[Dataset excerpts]
=-=-=-=-=

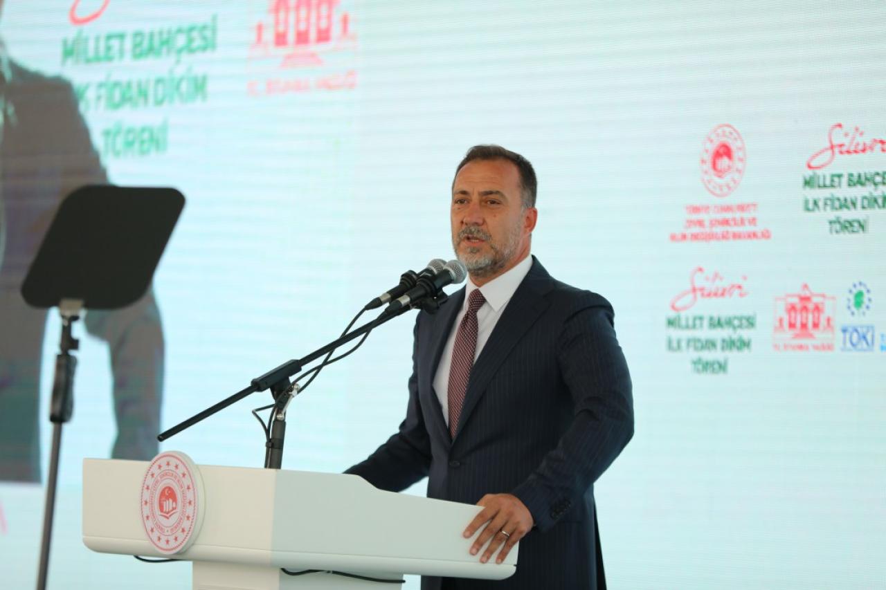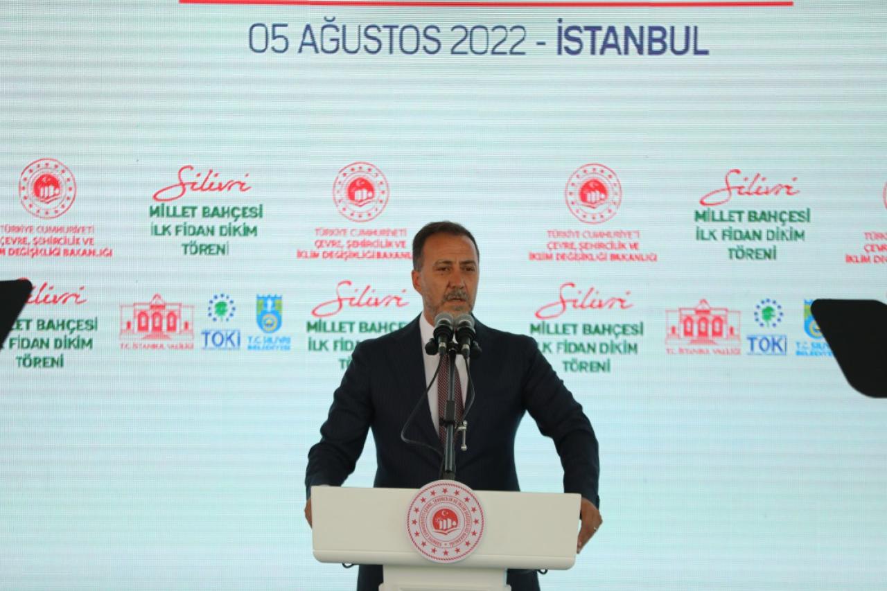 Törenin kapanış konuşmasını yapan Çevre, Şehircilik ve İklim Değişikliği Bakanı Murat Kurum, “Silivri İstanbul’umuzun Trakya’ya açılan kapısıdır. Silivri gürgen, kayın ve ardıç ağaçlarıyla İstanbul’un ormanlarının efendisidir. İstanbul’daki saklı cennet bahçelerimizin en önemlilerinden biridir. Silivri Belediye Başkanımız Volkan Yılmaz, bu güzel kent için her türlü hizmeti yapmaya gayret gösteriyor ve bu manada gerek bizimle gerek diğer bakanlıklarımızla çeşitli çalışmalar gerçekleştiriyor. Bugün Silivri’de bizim Millet Bahçesi diye tabir ettiğimiz ama aslında bir yaşam merkezi, buluşma merkezi, birlik merkezimizin ilk fidanını toprakla buluşturuyoruz. Silivri’den istikbale uzanan ağaçlar yetiştirmek için bu ağaçlara gözümüz gibi bakacağız. Biz, millet bahçelerimizi sıradan bir bahçe olarak değil tam aksine atalarımızdan gelen bahçe kültürümüzün bir işareti olarak görüyoruz. Yaptığımız ve yapacağımız projelerle Silivri’mizin yeşiline yeşil katmaya, güzelleşmesine, ekonomisine, istihdamına ve gençlerimizin geleceğe umutla bakmasına katkı sağlayacağız. Silivri Millet Bahçemizin hayırlı uğurlu olmasını diliyor, hepinize saygılarımı ve sevgilerimi sunuyorum.” dedi.
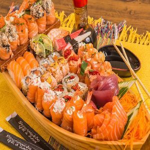 20 Hots Philadélfia, 10 Trouxinhas de Salmão, 10 Sashimis de Salmão, 10 Philadélfia, 10 Philadélfia invertidos,
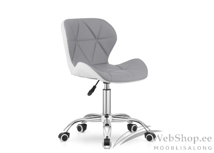 Ergonoomilise seljatoega töötool on kaetud kunstnahaga. Istme kõrgus on reguleeritav gaaspumpmehhanismi abil vahemikus 41,5-53 cm. Kroomitud metallist jalad, kummikattega plastrattad. Värvus: hall/valge.
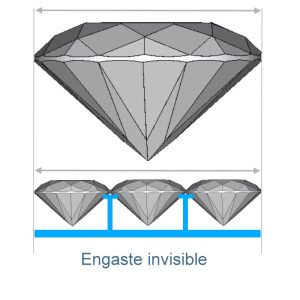 Este es un esquema de como van engastadas las piedras con una estructura de railes desde abajo, son como grapas que se cojen a unas ranuras que previamente hay que hacer a los diamantes por debajo del filetín.
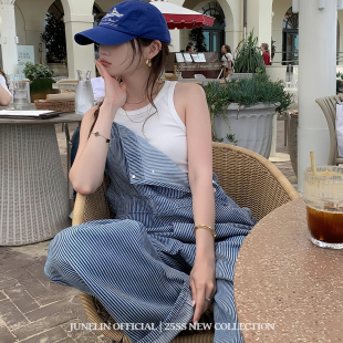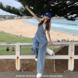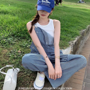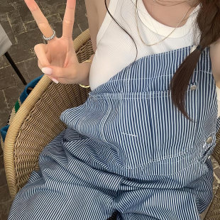 女街头宽松显瘦休闲裤 六月林 背带裤 复古条纹直筒工装 子 韩版
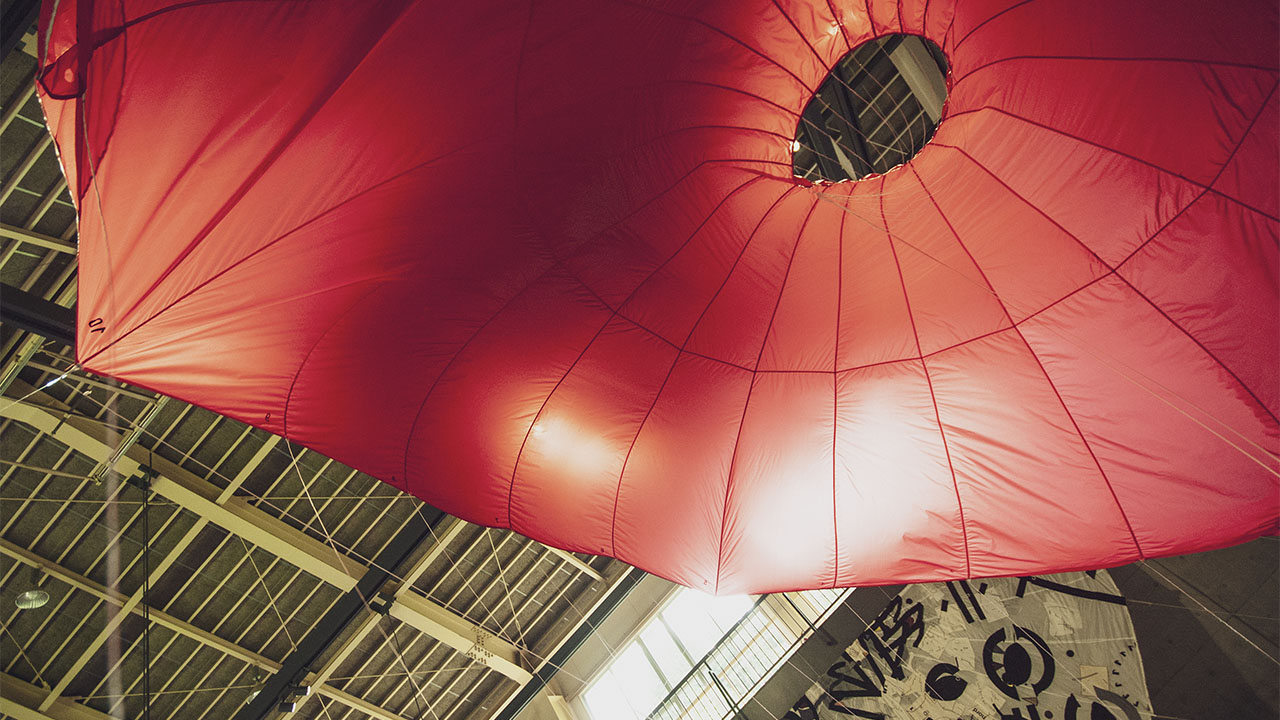 赤い大きなパラシュートがふわりふわり。
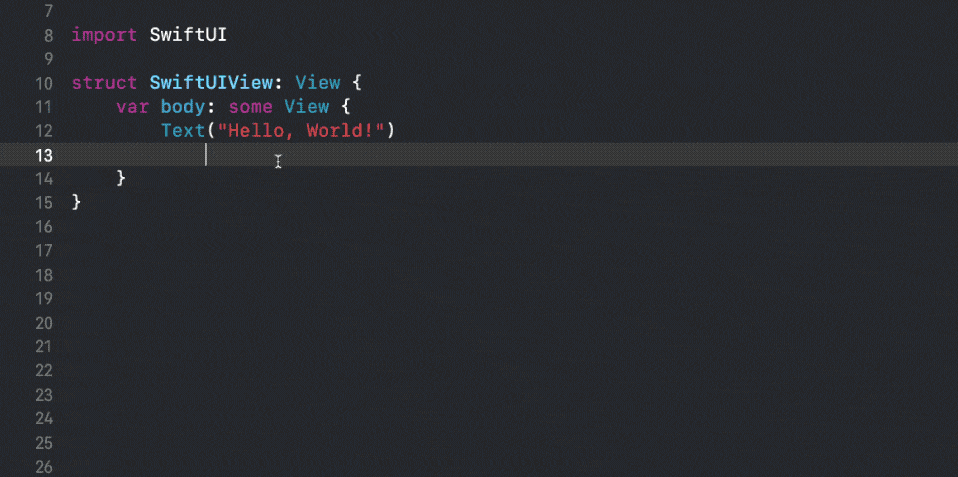 虽然 Xcode 14 已经开始支持使用模糊搜索来选择参数,但是这种方式对于具有许多名称但参数相似(例如框架修饰符)的方法来说,用起来又麻烦又容易出错,反正我很少用,参考下方示意图:

=-=-=-=-=

• [EXERCISE OBJECTIVE]
Copy exactly the lines from the one containing "赤い大きなパラシュートがふわりふわり。" to the end of the records, both included, and leave the pictures out.

• [OUTPUT OF THE TASK]
 赤い大きなパラシュートがふわりふわり。
 虽然 Xcode 14 已经开始支持使用模糊搜索来选择参数,但是这种方式对于具有许多名称但参数相似(例如框架修饰符)的方法来说,用起来又麻烦又容易出错,反正我很少用,参考下方示意图:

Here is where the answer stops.